* **EXERCISE DETAILS**: Give back the data exactly, with no images.

---+---

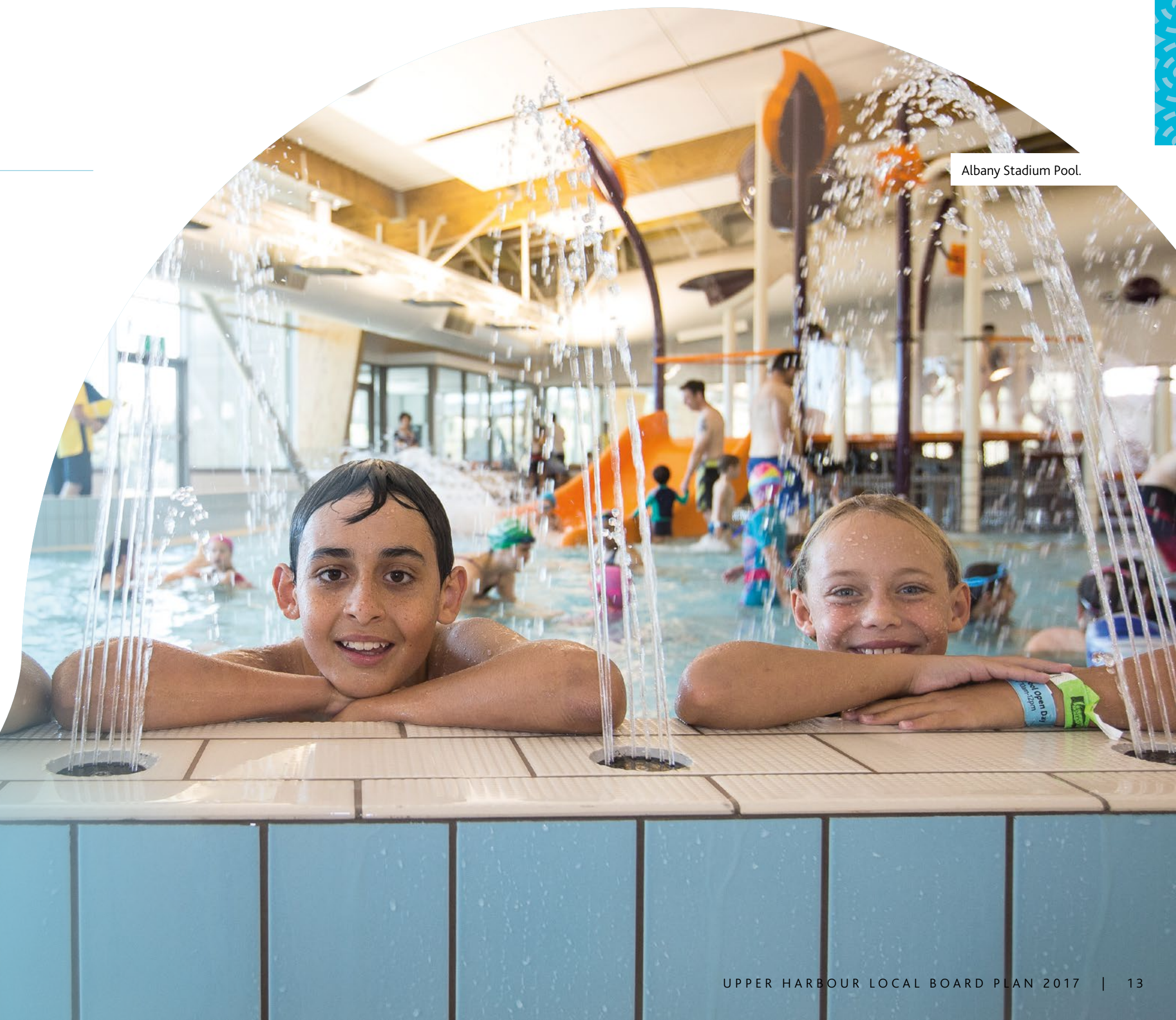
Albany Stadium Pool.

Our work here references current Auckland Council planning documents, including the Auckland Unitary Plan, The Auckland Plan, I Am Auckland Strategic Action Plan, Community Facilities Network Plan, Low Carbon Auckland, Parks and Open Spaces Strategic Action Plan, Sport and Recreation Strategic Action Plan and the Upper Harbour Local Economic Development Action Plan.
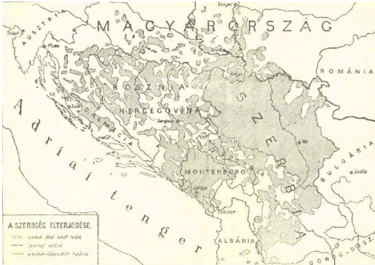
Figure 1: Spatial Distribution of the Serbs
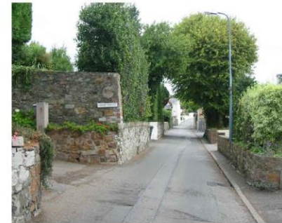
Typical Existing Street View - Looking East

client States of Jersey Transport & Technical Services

---+---

* **RESPONSE BELOW**:
Albany Stadium Pool.

Our work here references current Auckland Council planning documents, including the Auckland Unitary Plan, The Auckland Plan, I Am Auckland Strategic Action Plan, Community Facilities Network Plan, Low Carbon Auckland, Parks and Open Spaces Strategic Action Plan, Sport and Recreation Strategic Action Plan and the Upper Harbour Local Economic Development Action Plan.
Figure 1: Spatial Distribution of the Serbs
Typical Existing Street View - Looking East

client States of Jersey Transport & Technical Services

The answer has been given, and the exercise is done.